Think Twice About Overexposure to UK Markets

UK-based investors should avoid overexposure to their home market, warns the CEO of one of the world’s largest independent financial advisory organisations.

The warning from Nigel Green, chief executive and founder of deVere Group, which has $10bn under advice, comes as the FTSE 100 touched its highest level for more than 13 months on Tuesday.

Nigel Green comments: “The UK’s leading index briefly reached a 13-month high thanks to surging oil prices and a significant rally from banking stocks.

However, despite this positive uptick, I would urge UK investors to avoid home bias, whereby they favour those markets with which they are most familiar.  Indeed, they should think twice about overexposure to their home market.”

He continues: “There are three principal reasons to be cautious about the UK.

First, a near-term worry is that UK stocks appear expensive, based on their current valuations, relative to their history and a shrinking of profit margins across many sectors.

Second is a weakening domestic economy. The Bank of England expects zero growth in Q4 and in Q1 of 2017, while it now forecasts the economy will be 2.9 per cent smaller by the end of 2019 than its May forecast. The economy will weaken because of a pause in investment and big-ticket consumer spending, and disruption to trade with EU, as we wait to see the impact of Brexit.

Third is sterling. With a weaker economy and the Bank of England loosening monetary policy, sterling may fall further. A weak sterling flatters export earnings for multinationals, so supports their share prices. But weak sterling also increases the cost of imported raw materials and parts that go into manufactured goods. This increases costs, which companies may struggle to pass on to the consumer as unemployment rises as the economy weakens. Therefore, a weak pound is a mixed blessing.

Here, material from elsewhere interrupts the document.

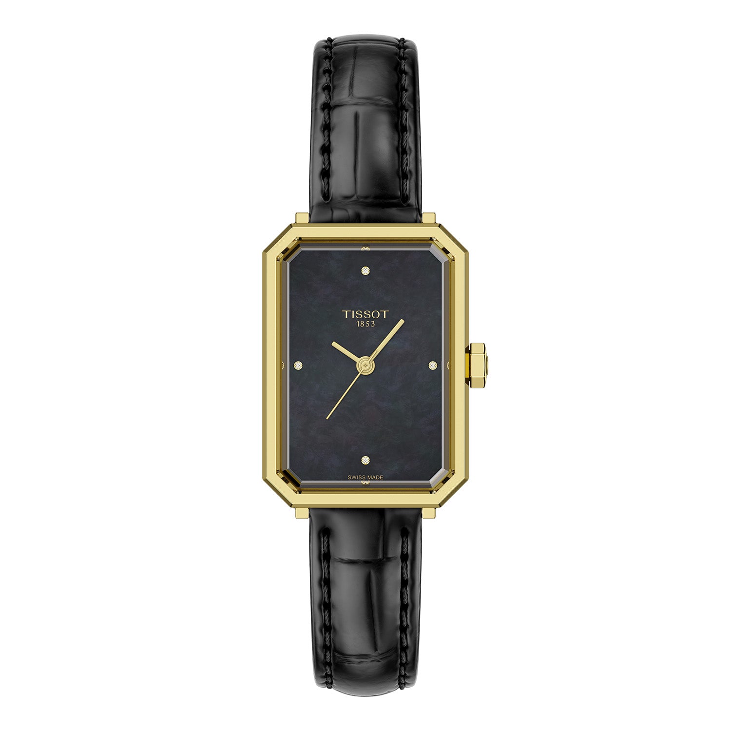 Urets rektangulære form på 30x22 mm giver det et unikt og moderne udtryk. Den sorte urskive fremhæves af de guldfarvede visere og markeringer, hvilket giver en elegant og letlæselig overflade. De indlagte diamanter tilføjer et strejf af luksus, der gør uret til et iøjnefaldende smykke.
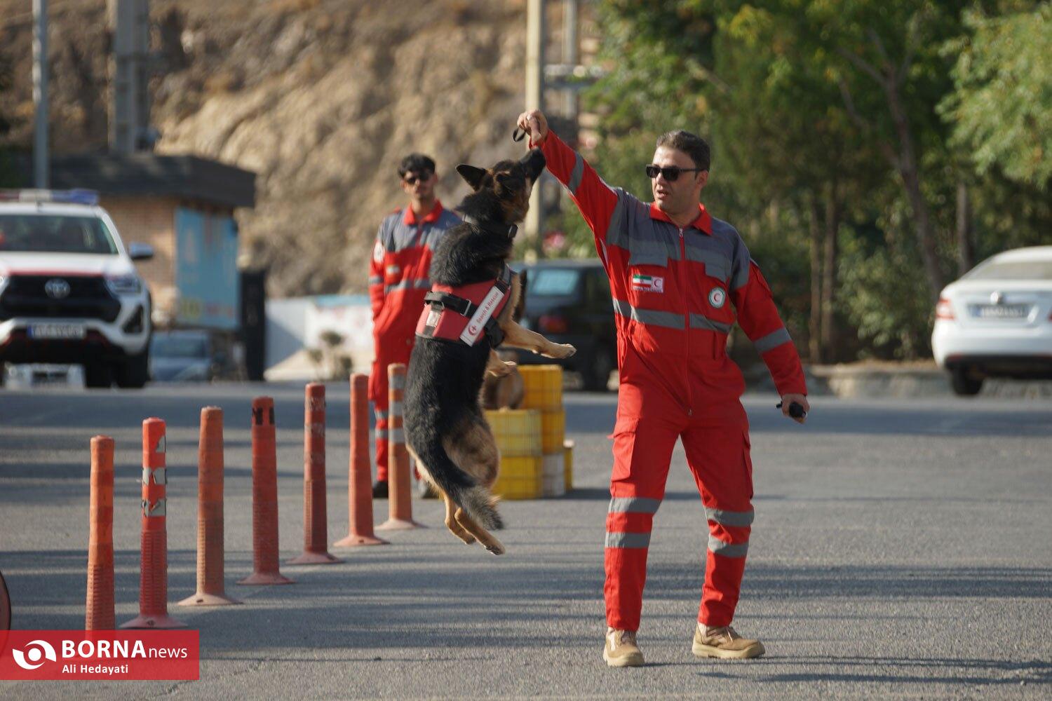 مانور سگهای زندهیاب هلالاحمر در توچال تهران

The deVere CEO concludes: “Despite, or perhaps even because, of the UK’s rally, UK-based investors need to ensure that their portfolios are adequately diversified – and this includes across geographical regions, as well as assets and sectors.

The myth that international investing presents a higher risk must be busted. In fact, the more diversified the investment portfolio, encompassing a global reach, the greater the reduction of risk.

History teaches us that investors who maintain a well-diversified portfolio are best-placed to make the most of opportunities that present themselves, whilst simultaneously mitigating risk.”